This has implications for how to think about skill design. A skill optimizes for a specific use case and prescribed workflow, but it narrows the solution space in ways that can hurt performance on tasks that don’t perfectly match the skill’s assumptions. This suggests that skills should be used judiciously for well-defined, common tasks where the prescribed approach is genuinely optimal, rather than attempting to create skills for every conceivable task.

Operational Framework and Best Practices

Based on their findings, Wix developed a framework for how documentation and skills should relate in an AI-native developer platform. This framework reflects mature LLMOps thinking about layered information architecture and continuous validation.

Agent-optimized documentation serves as the backbone. Agents should be able to use documentation to accomplish any conceivable task with the platform. Documentation must be structured for machine consumption with clear llms.txt entry points, consistent naming conventions, and explicit dependency and setup requirements. This represents the foundation layer that must be comprehensive and reliable.

Skills function as a caching layer. They exist to make common, well-defined tasks faster and cheaper—distilled shortcuts for high-priority use cases, derived from documentation rather than independent of it. This architectural positioning is important: skills are optimization layers, not replacements for documentation. They should be viewed as derived artifacts that must stay synchronized with their source of truth.

Regular automated evaluations maintain skill freshness. Continuous evaluation should compare skill performance against docs-optimized performance across a range of tasks. Any time a skill underperforms documentation, it signals drift or inherent problems. Automated evaluations can catch discrepancies as they emerge, preventing the accumulation of errors that erode skill value.

This framework addresses the core LLMOps challenge that motivated the study: how to maintain multiple information sources for AI consumption without allowing drift and degradation. By establishing documentation as the authoritative source and treating skills as derived optimizations subject to continuous validation, Wix creates a sustainable operational model.

Production LLMOps Practices Demonstrated

This case study exemplifies several production LLMOps best practices worth highlighting. First, the emphasis on measurement and evidence over assumptions. The industry was hyping skills, but Wix questioned whether they actually delivered value and designed rigorous experiments to find out. This data-driven approach is fundamental to mature LLMOps.

Second, the multi-dimensional evaluation framework captures multiple aspects of performance—task completion, token usage, turn count, wall-clock time, and qualitative failure analysis. Production LLM systems must optimize for multiple objectives simultaneously, and evaluation frameworks should reflect this complexity.

Third, the recognition that small mistakes cascade into significant operational costs. A missing export statement or misaligned scaffold assumption can double token usage. This underscores the importance of continuous validation and the brittleness of curated content that isn’t kept synchronized with underlying systems.
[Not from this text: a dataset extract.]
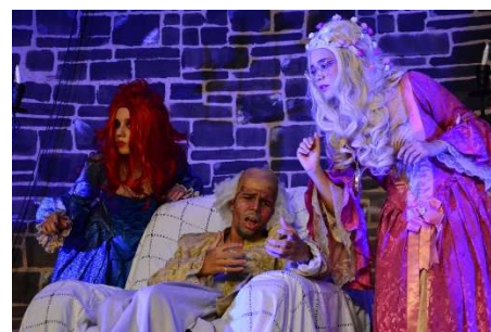
A Maldição do Vale Negro (texto: Caio Fernando Abreu) 1º Meca e 1º Edi (2023)

Fourth, the infrastructure for substituting improved documentation during agent requests demonstrates sophisticated testing capabilities. Being able to A/B test different documentation versions while controlling for other variables requires thoughtful engineering.

Fifth, the architectural thinking about information layering—documentation as backbone, skills as caching—reflects systems thinking about how to structure information for AI consumption at scale.

Critical Assessment

While this case study provides valuable insights, it’s important to maintain critical perspective. The evaluation used Wix’s own platform, documentation, and tasks, which may limit generalizability. Different platforms with different API complexity, documentation quality, or task types might see different results. The study also doesn’t specify which AI agent or LLM was used, which could significantly impact results—different models have different capabilities for document parsing, reasoning, and error recovery.

The self-evaluation approach, where agents assess their own work, introduces potential biases. Agents might not accurately identify their own failures or might be overly critical. Human evaluation or automated testing against expected outputs would provide additional validation.

The sample size of three runs per condition per task provides some statistical foundation but may not fully capture the variance in LLM behavior, particularly for complex tasks where different reasoning paths might emerge. Larger sample sizes or explicit uncertainty quantification would strengthen the conclusions.

The study also doesn’t address the cost of maintaining agent-optimized documentation versus skills. While skills showed maintenance problems, documentation optimization also requires ongoing investment. A complete operational analysis would compare total cost of ownership for both approaches.

Despite these limitations, the study represents valuable production LLMOps work that challenges prevailing assumptions and demonstrates the importance of measurement-driven decision-making in AI engineering.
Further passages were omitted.